_Excerpted records:_
┌──

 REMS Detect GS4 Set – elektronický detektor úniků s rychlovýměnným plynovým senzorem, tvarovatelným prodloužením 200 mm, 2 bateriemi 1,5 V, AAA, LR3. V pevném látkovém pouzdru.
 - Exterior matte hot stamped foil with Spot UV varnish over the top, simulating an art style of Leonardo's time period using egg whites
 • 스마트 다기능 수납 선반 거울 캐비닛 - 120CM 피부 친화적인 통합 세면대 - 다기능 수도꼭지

└──
┌──

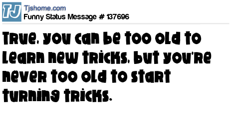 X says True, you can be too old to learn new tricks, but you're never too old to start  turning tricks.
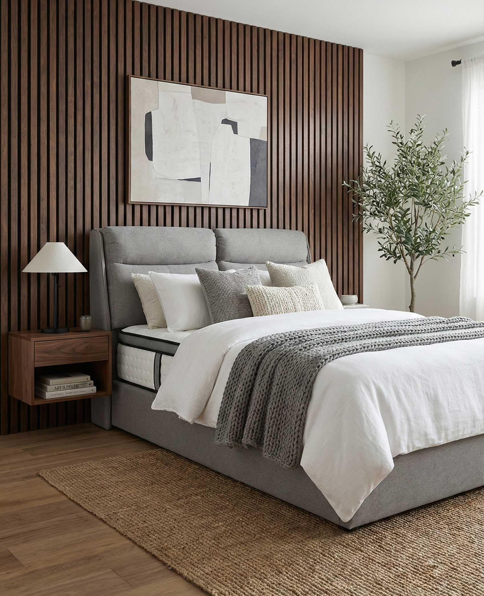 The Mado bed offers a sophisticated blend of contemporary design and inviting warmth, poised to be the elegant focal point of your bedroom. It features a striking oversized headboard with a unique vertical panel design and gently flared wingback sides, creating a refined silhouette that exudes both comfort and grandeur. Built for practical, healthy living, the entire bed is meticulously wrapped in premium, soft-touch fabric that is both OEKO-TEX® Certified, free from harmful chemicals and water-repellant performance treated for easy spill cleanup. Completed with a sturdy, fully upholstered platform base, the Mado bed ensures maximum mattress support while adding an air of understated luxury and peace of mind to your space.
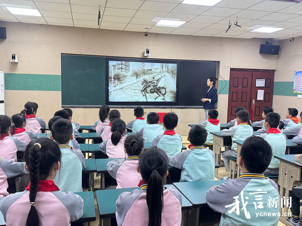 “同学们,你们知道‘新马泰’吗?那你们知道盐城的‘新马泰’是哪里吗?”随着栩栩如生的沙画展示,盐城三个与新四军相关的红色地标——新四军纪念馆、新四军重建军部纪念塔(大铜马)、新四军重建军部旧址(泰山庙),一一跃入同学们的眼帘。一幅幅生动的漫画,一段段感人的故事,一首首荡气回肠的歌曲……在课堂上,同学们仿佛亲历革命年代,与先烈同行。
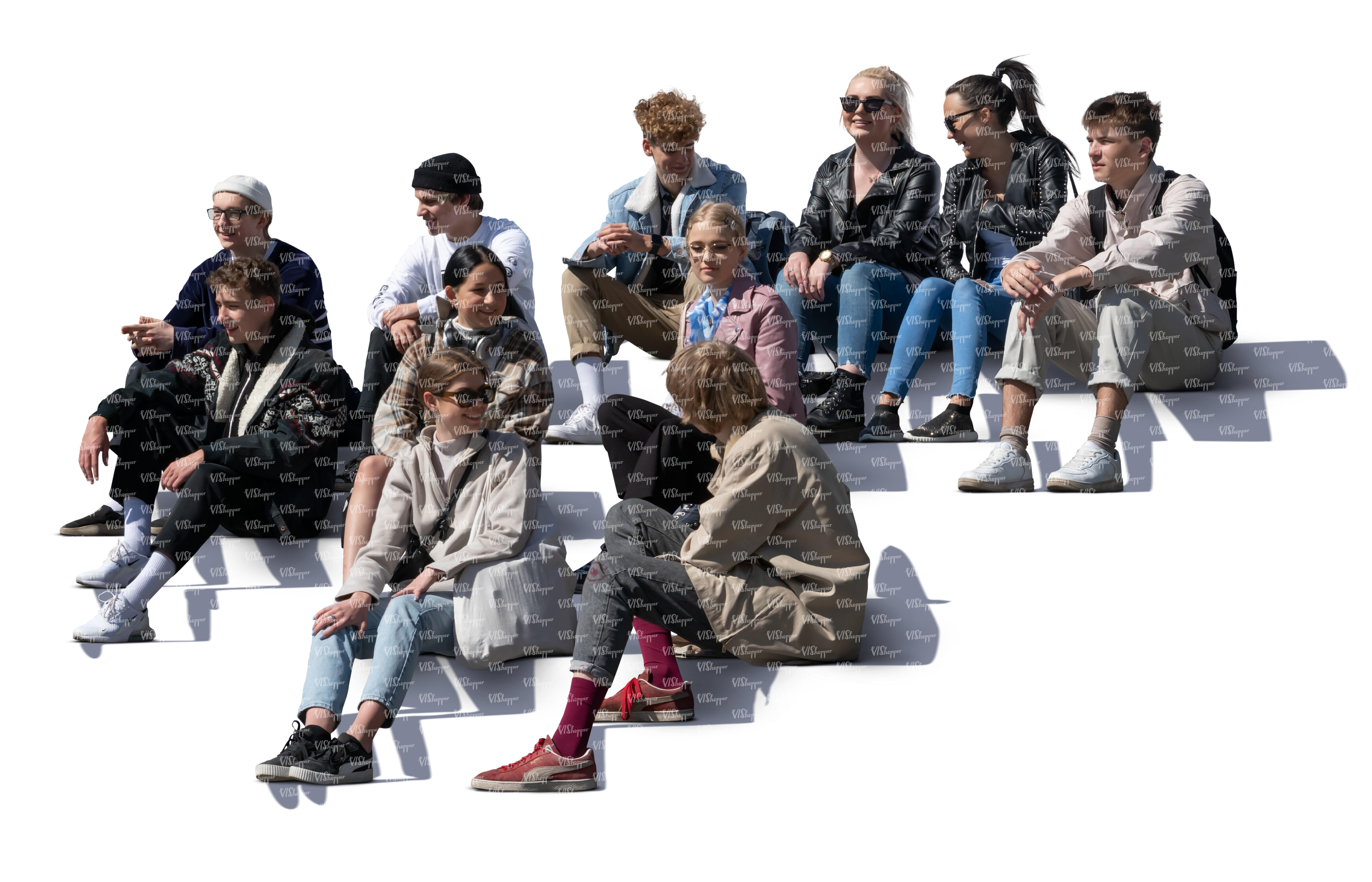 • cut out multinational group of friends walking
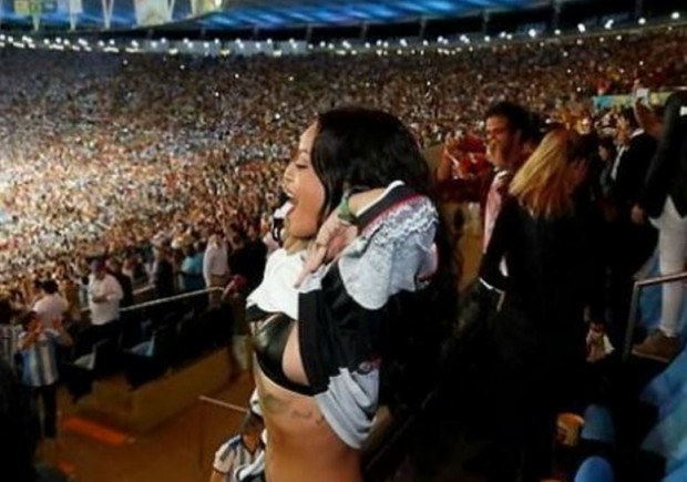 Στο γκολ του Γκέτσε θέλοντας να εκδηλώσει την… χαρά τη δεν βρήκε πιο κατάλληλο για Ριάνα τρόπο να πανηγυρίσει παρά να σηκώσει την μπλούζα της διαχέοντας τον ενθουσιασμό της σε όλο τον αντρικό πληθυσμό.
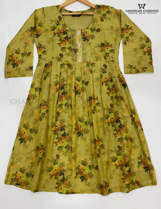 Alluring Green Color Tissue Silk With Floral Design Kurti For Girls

└──

_Exercise requirements:_
Using the data above, transcribe the lines that run from the line with "REMS Detect GS4" to the line with "세면대 - 다기능 수도꼭지", both ends kept, and output nothing else.

_Response:_
 REMS Detect GS4 Set – elektronický detektor úniků s rychlovýměnným plynovým senzorem, tvarovatelným prodloužením 200 mm, 2 bateriemi 1,5 V, AAA, LR3. V pevném látkovém pouzdru.
 - Exterior matte hot stamped foil with Spot UV varnish over the top, simulating an art style of Leonardo's time period using egg whites
 • 스마트 다기능 수납 선반 거울 캐비닛 - 120CM 피부 친화적인 통합 세면대 - 다기능 수도꼭지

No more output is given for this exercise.